What is the difference between 1099 and W-2?

The forms are named after the tax documents you receive in January. Employees get a Form W-2 showing wages and the tax already withheld. Independent contractors get a Form 1099-NEC from each client that paid them $600 or more during the year. The paperwork is only the surface. Underneath, the two arrangements split the tax bill, the benefits, and the control over your work in very different ways.

1099 contractor W-2 employee
Who withholds tax Nobody. You receive the gross amount and pay the IRS yourself. Your employer withholds federal, state, and payroll tax each pay period.
Social Security and Medicare You pay all 15.3 percent as self-employment tax (12.4 percent Social Security on earnings up to the $176,100 wage base for 2025, plus 2.9 percent Medicare with no cap), calculated on 92.35 percent of your net profit. You pay 7.65 percent through withholding; your employer pays the matching 7.65 percent.
Benefits None from the client. Health insurance, retirement, and paid time off are yours to arrange and fund. Commonly health insurance, a 401(k) with a possible match, paid leave, and other benefits.

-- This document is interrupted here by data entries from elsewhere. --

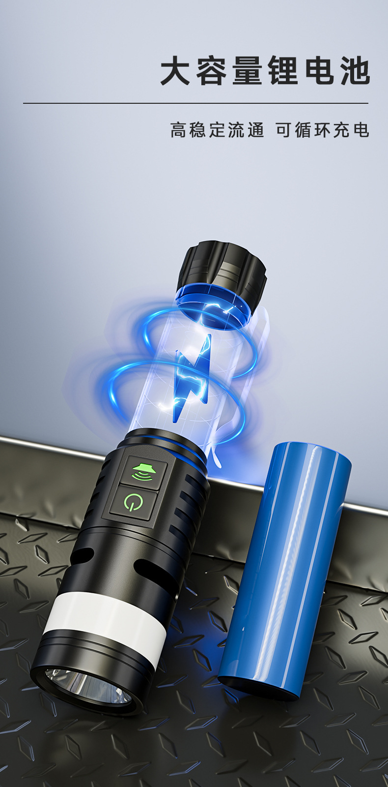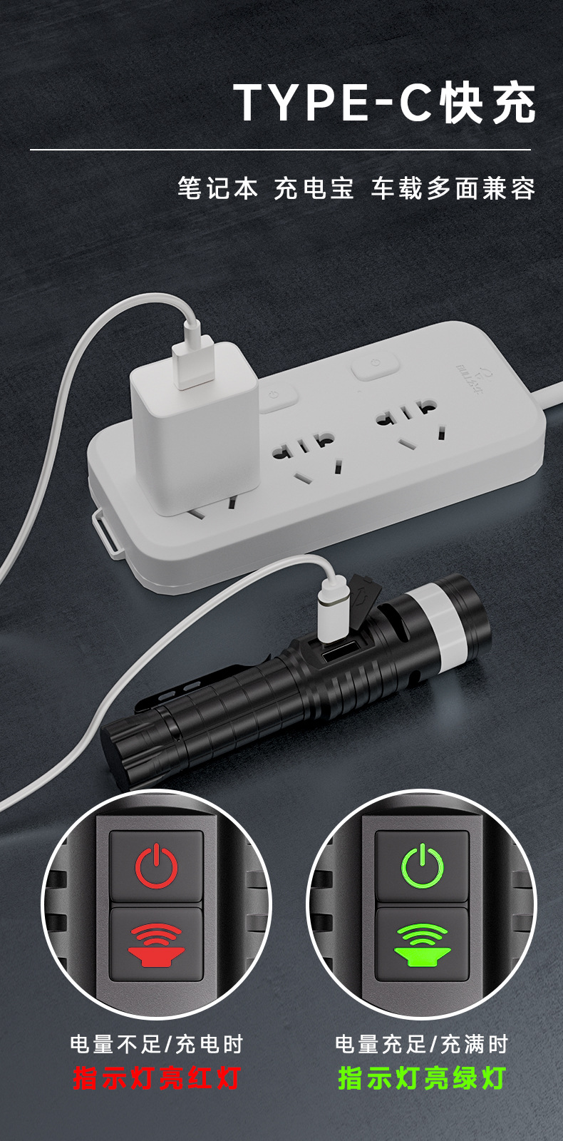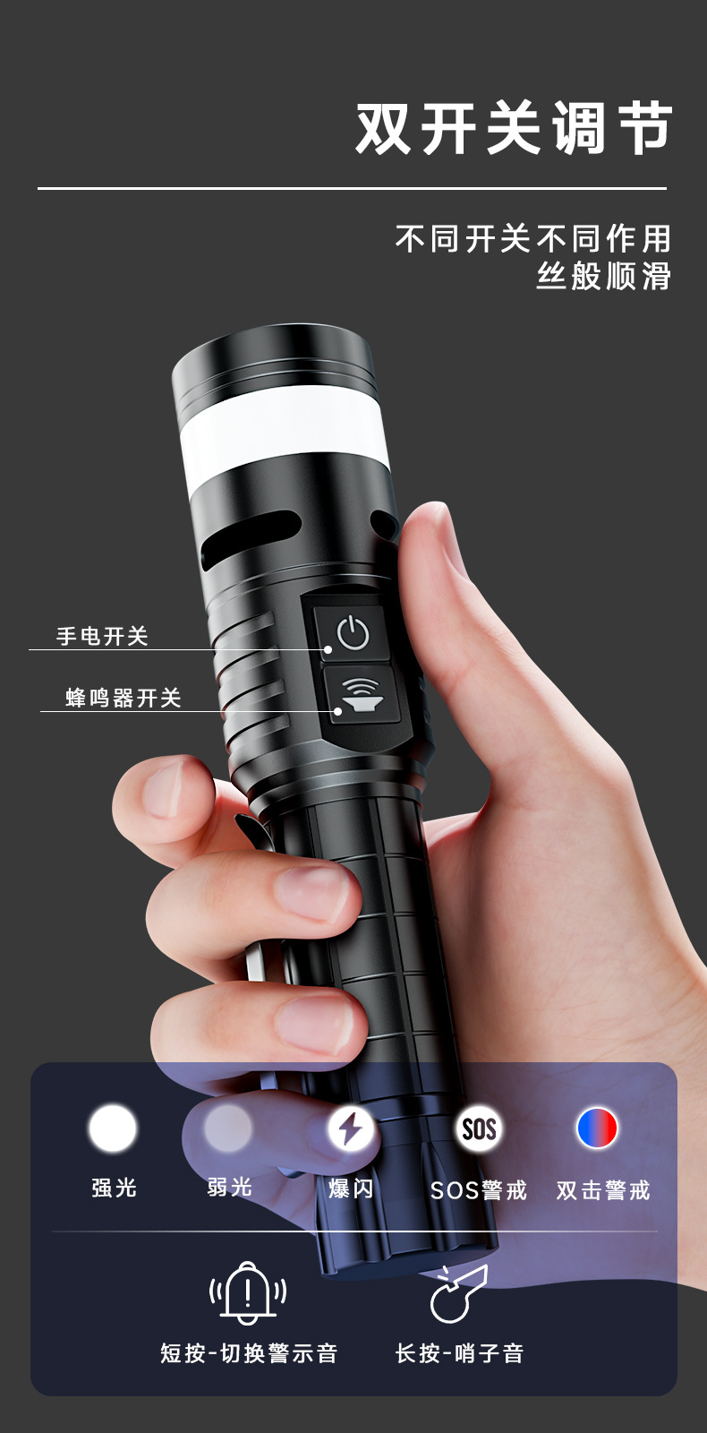 Ruibao 강한 빛 버스트 손전등 다기능 측면 충전식 빨간색과 파란색 경고등 작업 조명 야외 손전등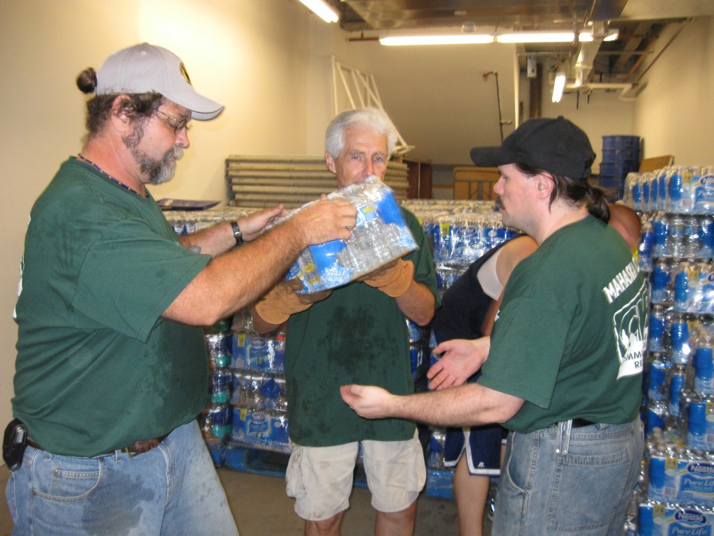 The Mahaska County CERT Team helps to unload bottled water on August 17, 2010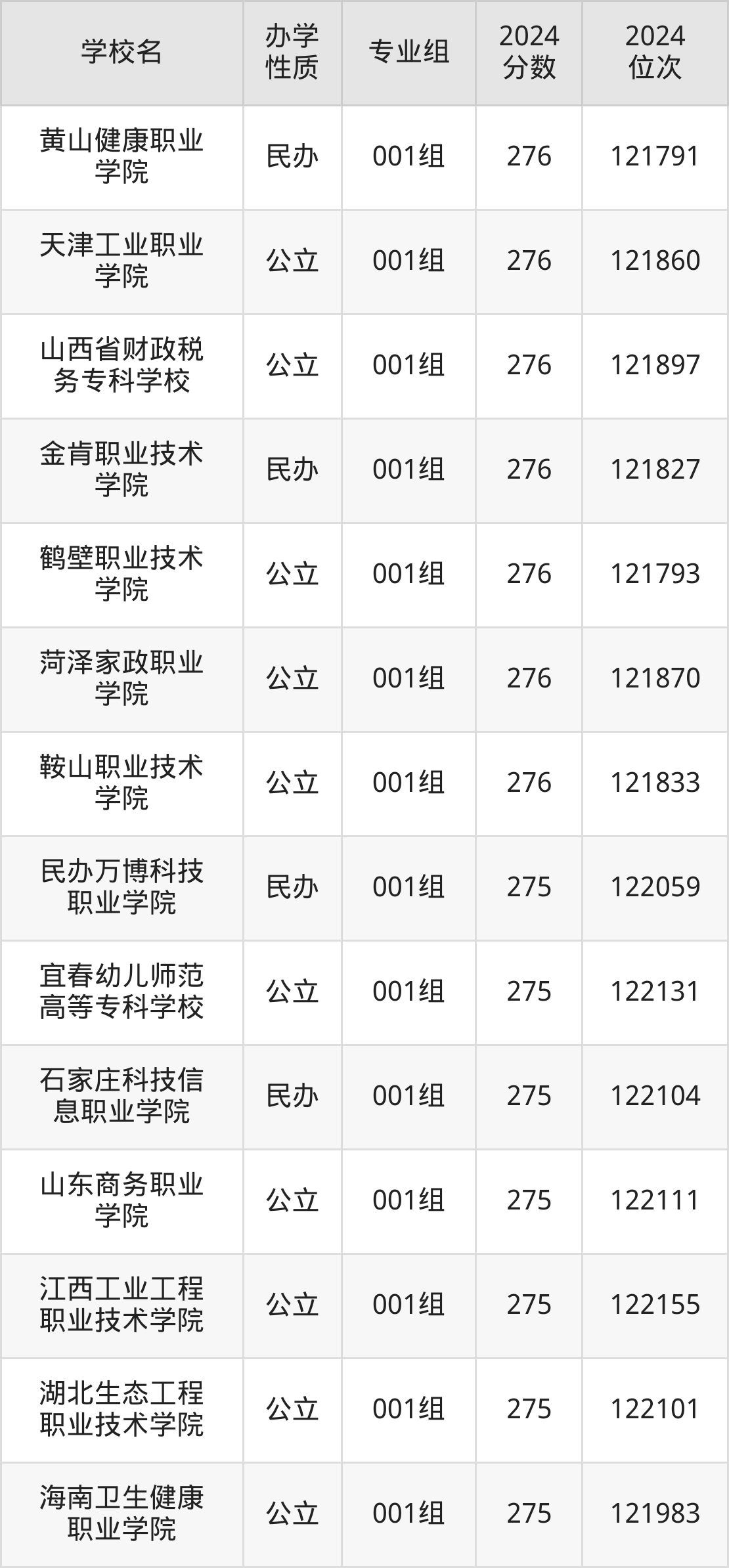 | 湖北生态工程 职业技术学院 | 001组 | 275 | 122101 |

Business deductions Yes. You file Schedule C and subtract mileage, home office, software, supplies, and other ordinary business costs from your income. Very limited. Unreimbursed employee expenses are not deductible on your federal return.
Quarterly estimated payments Generally required if you expect to owe $1,000 or more for the year. Not usually. Paycheck withholding covers the bill.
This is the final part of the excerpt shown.